(Working data Opens)

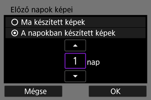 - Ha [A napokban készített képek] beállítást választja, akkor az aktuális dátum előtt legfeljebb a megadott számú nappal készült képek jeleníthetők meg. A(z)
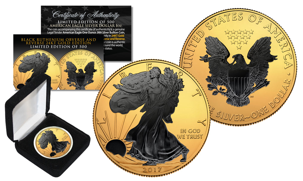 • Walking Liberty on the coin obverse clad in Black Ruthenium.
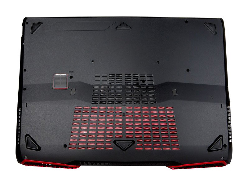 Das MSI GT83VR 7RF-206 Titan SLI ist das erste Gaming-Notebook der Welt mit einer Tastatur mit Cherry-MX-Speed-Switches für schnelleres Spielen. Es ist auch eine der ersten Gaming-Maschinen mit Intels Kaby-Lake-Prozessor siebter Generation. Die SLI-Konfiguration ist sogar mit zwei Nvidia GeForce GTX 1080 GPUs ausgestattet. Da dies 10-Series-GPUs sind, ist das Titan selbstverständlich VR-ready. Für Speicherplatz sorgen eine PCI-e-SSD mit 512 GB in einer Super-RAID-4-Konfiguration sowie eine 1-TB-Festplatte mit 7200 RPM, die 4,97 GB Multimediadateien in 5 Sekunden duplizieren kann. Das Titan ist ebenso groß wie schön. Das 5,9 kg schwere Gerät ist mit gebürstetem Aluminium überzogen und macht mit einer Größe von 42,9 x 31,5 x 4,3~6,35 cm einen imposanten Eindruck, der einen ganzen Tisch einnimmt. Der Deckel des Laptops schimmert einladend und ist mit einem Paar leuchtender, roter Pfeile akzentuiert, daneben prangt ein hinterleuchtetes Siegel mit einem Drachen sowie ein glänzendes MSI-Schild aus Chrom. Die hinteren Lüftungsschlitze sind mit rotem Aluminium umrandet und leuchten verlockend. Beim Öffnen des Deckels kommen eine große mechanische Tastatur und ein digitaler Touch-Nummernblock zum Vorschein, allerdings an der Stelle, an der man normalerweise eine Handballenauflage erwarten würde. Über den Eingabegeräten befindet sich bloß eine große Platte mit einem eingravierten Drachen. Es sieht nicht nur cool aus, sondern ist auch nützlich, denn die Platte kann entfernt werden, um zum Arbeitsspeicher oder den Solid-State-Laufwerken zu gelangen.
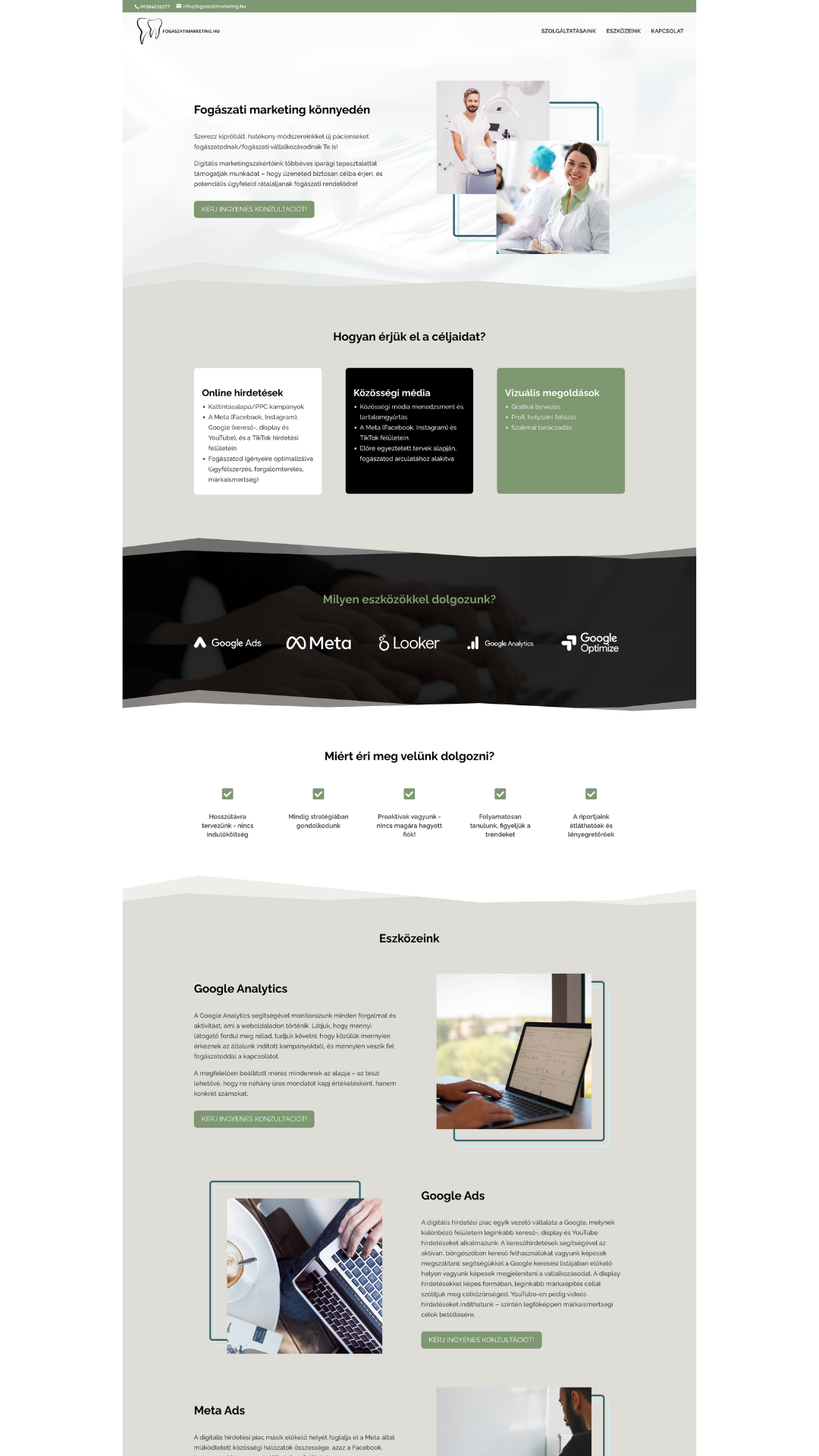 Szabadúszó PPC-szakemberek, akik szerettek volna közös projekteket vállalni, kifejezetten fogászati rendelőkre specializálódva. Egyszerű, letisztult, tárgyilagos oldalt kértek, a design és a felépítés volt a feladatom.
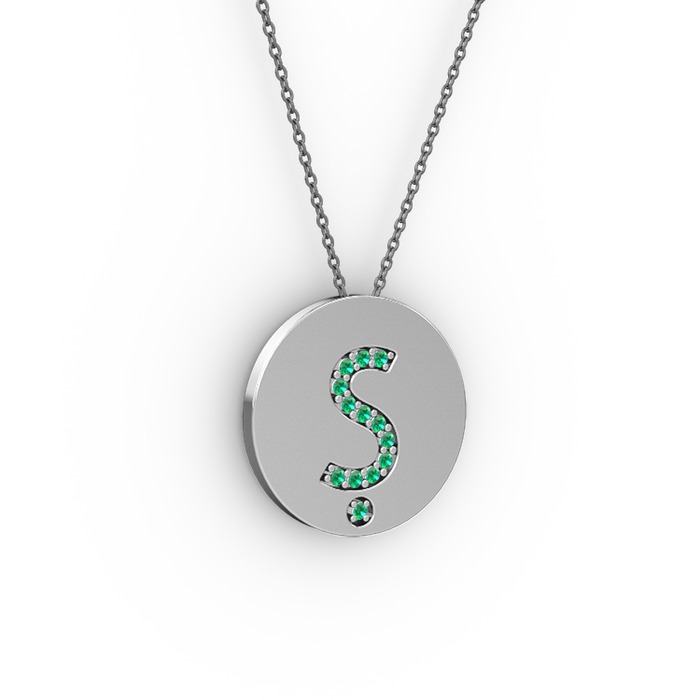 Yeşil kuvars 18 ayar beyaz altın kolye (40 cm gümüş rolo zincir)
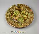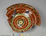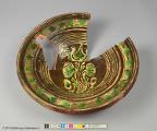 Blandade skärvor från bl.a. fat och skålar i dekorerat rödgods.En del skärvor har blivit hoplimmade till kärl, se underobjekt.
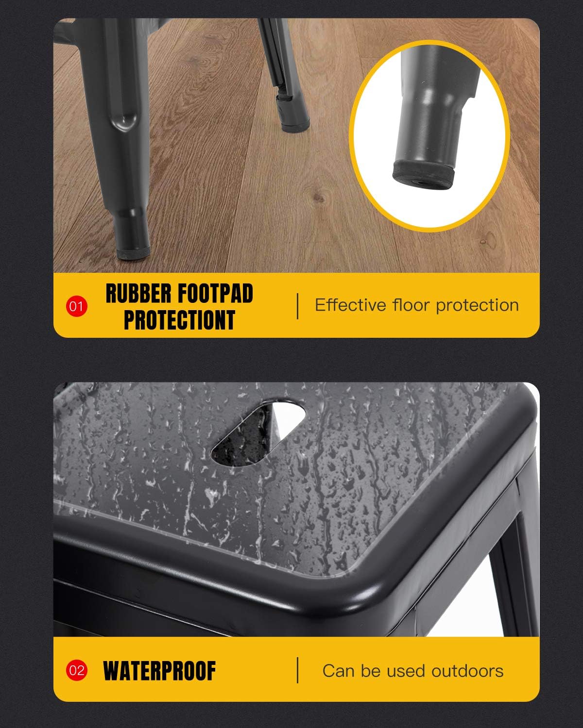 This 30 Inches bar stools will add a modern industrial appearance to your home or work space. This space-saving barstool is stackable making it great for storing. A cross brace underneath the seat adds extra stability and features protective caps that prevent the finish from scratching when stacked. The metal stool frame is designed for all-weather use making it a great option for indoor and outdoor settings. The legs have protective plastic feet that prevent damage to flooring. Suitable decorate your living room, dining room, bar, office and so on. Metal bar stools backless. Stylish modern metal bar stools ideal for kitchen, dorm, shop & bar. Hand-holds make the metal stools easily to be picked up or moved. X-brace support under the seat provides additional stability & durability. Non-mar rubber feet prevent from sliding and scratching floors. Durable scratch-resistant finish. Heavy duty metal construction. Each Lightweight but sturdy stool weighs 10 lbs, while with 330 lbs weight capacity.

(Working data Closes)
(Working data Opens)

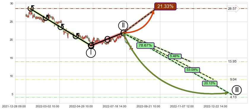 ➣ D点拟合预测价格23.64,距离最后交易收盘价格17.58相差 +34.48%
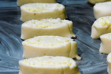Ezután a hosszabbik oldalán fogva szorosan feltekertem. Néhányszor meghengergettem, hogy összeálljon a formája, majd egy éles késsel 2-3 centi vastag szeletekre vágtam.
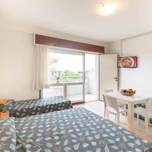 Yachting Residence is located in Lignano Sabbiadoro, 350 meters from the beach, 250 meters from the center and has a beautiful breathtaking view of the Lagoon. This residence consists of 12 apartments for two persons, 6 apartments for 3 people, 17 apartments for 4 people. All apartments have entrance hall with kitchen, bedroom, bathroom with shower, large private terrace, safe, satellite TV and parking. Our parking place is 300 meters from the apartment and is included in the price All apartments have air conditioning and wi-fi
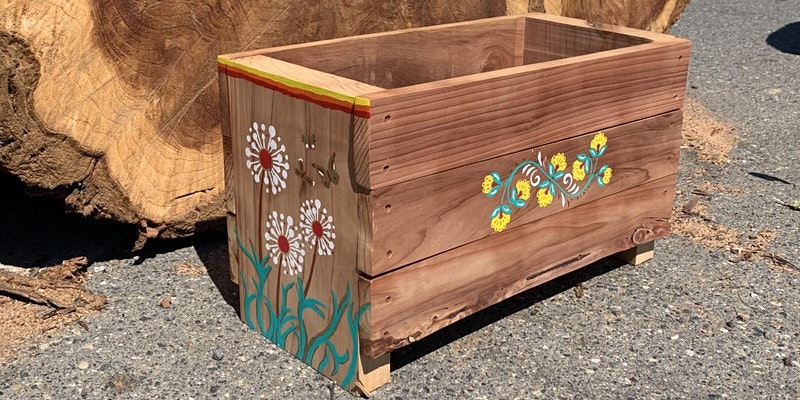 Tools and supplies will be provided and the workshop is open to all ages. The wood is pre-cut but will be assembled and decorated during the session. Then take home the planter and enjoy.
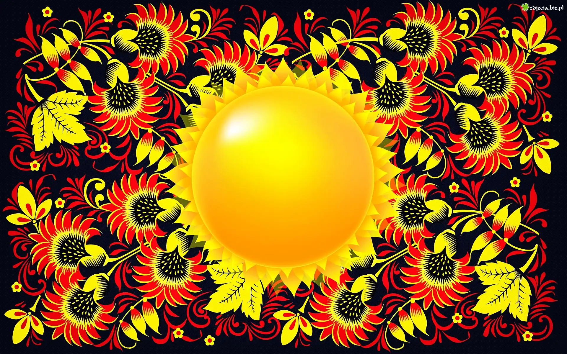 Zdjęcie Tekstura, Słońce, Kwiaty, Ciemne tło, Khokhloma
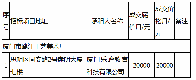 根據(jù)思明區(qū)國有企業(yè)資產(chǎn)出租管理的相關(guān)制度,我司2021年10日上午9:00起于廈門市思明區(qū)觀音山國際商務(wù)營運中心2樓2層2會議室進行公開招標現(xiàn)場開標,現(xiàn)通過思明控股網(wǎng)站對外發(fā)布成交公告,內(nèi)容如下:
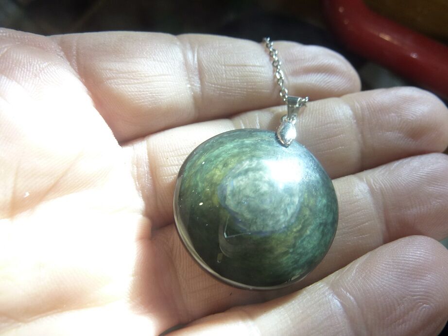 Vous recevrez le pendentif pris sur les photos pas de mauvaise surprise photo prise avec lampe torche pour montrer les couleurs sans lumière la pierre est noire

(Working data Closes)
(Working data Opens)

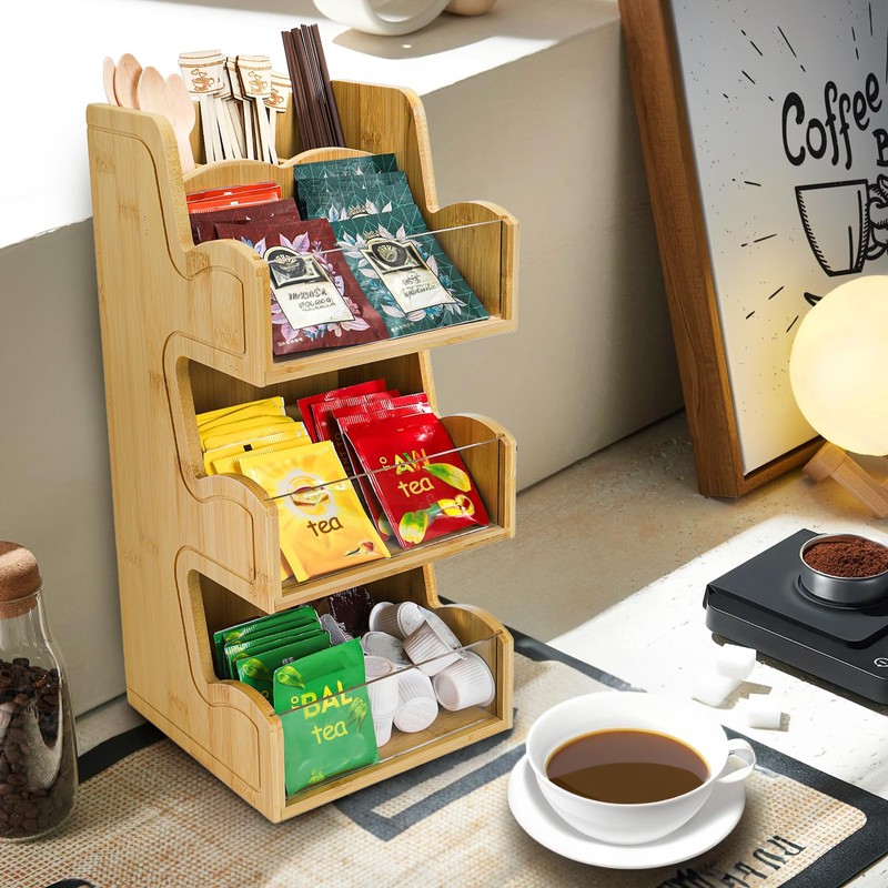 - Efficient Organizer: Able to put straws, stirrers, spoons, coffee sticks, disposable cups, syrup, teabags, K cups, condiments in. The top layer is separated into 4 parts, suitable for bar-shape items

(Working data Closes)

Look above for the line holding "Tools and supplies" and output everything from it down to the line holding "Vous recevrez le", both ends included, exactly and without images.

 Tools and supplies will be provided and the workshop is open to all ages. The wood is pre-cut but will be assembled and decorated during the session. Then take home the planter and enjoy.
 Zdjęcie Tekstura, Słońce, Kwiaty, Ciemne tło, Khokhloma
 根據(jù)思明區(qū)國有企業(yè)資產(chǎn)出租管理的相關(guān)制度,我司2021年10日上午9:00起于廈門市思明區(qū)觀音山國際商務(wù)營運中心2樓2層2會議室進行公開招標現(xiàn)場開標,現(xiàn)通過思明控股網(wǎng)站對外發(fā)布成交公告,內(nèi)容如下:
 Vous recevrez le pendentif pris sur les photos pas de mauvaise surprise photo prise avec lampe torche pour montrer les couleurs sans lumière la pierre est noire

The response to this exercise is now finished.